Halitose2018-07-21T11:46:50+00:00

Halitose

De 85% a 90% da incidência de mau hálito tem origem na boca

 

Calcula-se que 30% dos brasileiros apresentem mau hálito crônico. Acostumada com os próprios odores, a maioria nem se dá conta do fenômeno. Por volta de 90% dos casos têm origem na boca. Mas as causas podem ir de problemas dentários a sinusite. Vale a pena consultar um otorrinolaringologista, porque felizmente halitose tem cura.

 

Esteja atento. Se os amigos e até os familiares fazem questão de permanecer distantes de você durante as conversas, pode ser indício de que seu hálito não anda agradando. A maioria das pessoas em geral nem percebe isso. Acostuma-se com os próprios odores e só descobre que tem mau hálito, ou halitose, quando alguém avisa. Mas, como não é nada fácil tomar uma atitude dessas, o mais provável é que você continue sem se dar conta de seu problema.

 

Estudos indicam que 85% a 90% dos casos de mau hálito têm origem na boca. A halitose é mais comum em adultos. Ocorre mais de manhã, em conseqüência do jejum prolongado e do ressecamento da região posterior da língua no período do sono, que favorece a ação das bactérias. Pode ser aguda – ou seja, manifestar-se e desaparecer pouco tempo depois – ou crônica. O tipo agudo pode atingir qualquer pessoa. Deve-se em especial à ingestão de alimentos como alho, brócolis, cebola, repolho, couve-flor, carnes e laticínios. Ao serem triturados e engolidos, tais alimentos liberam partículas odoríferas que grudam na porção posterior da língua.
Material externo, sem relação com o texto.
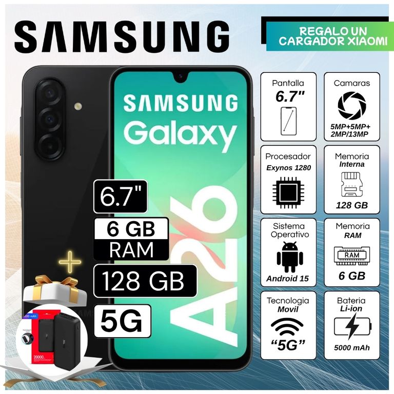 Celular Samsung Galaxy A26 5G 6.7'' Pulg. 6GB RAM 128GB Android 15 - Blue Black SAMSUNGS/979

Essa região é povoada por grande quantidade de bactérias que decompõem tais partículas, provocando a liberação de cheiro de enxofre. A halitose é o resultado, portanto, da mistura das partículas dos alimentos com os odores bacterianos.

 

De outro lado, 30% da população brasileira – segundo as pesquisas – apresenta halitose crônica. O fenômeno resulta especialmente de problemas na boca. A causa mais importante é a falta de higiene bucal, ou seja, não se escova os dentes nem se passa fio dental depois das refeições para eliminar restos alimentares que se deterioram e provocam odores desagradáveis. O problema aparece também se a pessoa faz uma higiene bucal malfeita. O mau hálito é conseqüência também de dentes cariados e gengivas inflamadas.

 

Provocam halitose ainda doenças como amidalites (inflamação das amídalas), sinusite (cujas secreções caem na garganta e na base da língua, favorecendo a ação das bactérias) e polipose nasal, que leva ao acúmulo de secreções malcheirosas. Alguns medicamentos de uso contínuo – para arritmia cardíaca ou depressão, por exemplo -, refluxo gástrico durante o sono e respiração pela boca ressecam as mucosas da garganta, levando ao mau hálito. Finalmente, o fenômeno resulta às vezes de febre, desidratação e tabagismo, também por causa do ressecamento das mucosas da boca.

 

Pessoas que têm mau hálito correm o risco de discriminação por colegas. Seu convívio social fica, portanto bastante prejudicado. Freqüentemente são preteridas em empregos. Apresentam dificuldade para encontrar parceiros e estabelecer relações amorosas duradouras. Quando têm consciência do próprio mau hálito, de outro lado, elas mesmas muitas vezes se sentem diminuídas e evitam contatos sociais.
A maioria dos portadores de halitose como dissemos, muitas vezes nem percebe seu problema. Por mais difícil que seja, é fundamental que parentes ou amigos as alertem sobre o fenômeno. Precisam saber, em especial, que é possível diminuir o problema com medidas práticas. Escovar os dentes e utilizar fio dental depois das refeições. Fazer gargarejos com medicamentos. Escovar bem e raspar – existe aparelho próprio – a língua. Consumir pelo menos 8 copos de água por dia para manter a garganta bem hidratada. Evitar jejuns prolongados. Não fumar. Ir freqüentemente ao dentista. Quem tem halitose depois de consumir alimentos específicos, naturalmente deve evita-los.

 

Se mesmo com essas medidas a halitose continuar, vale a pena consultar um otorrinolaringologista. Esse profissional é capaz de diagnosticar as causas do fenômeno e combate-las. Quando o mau hálito resulta de problemas dentários, encaminha o paciente a um dentista. A maioria dos casos, felizmente, tem solução.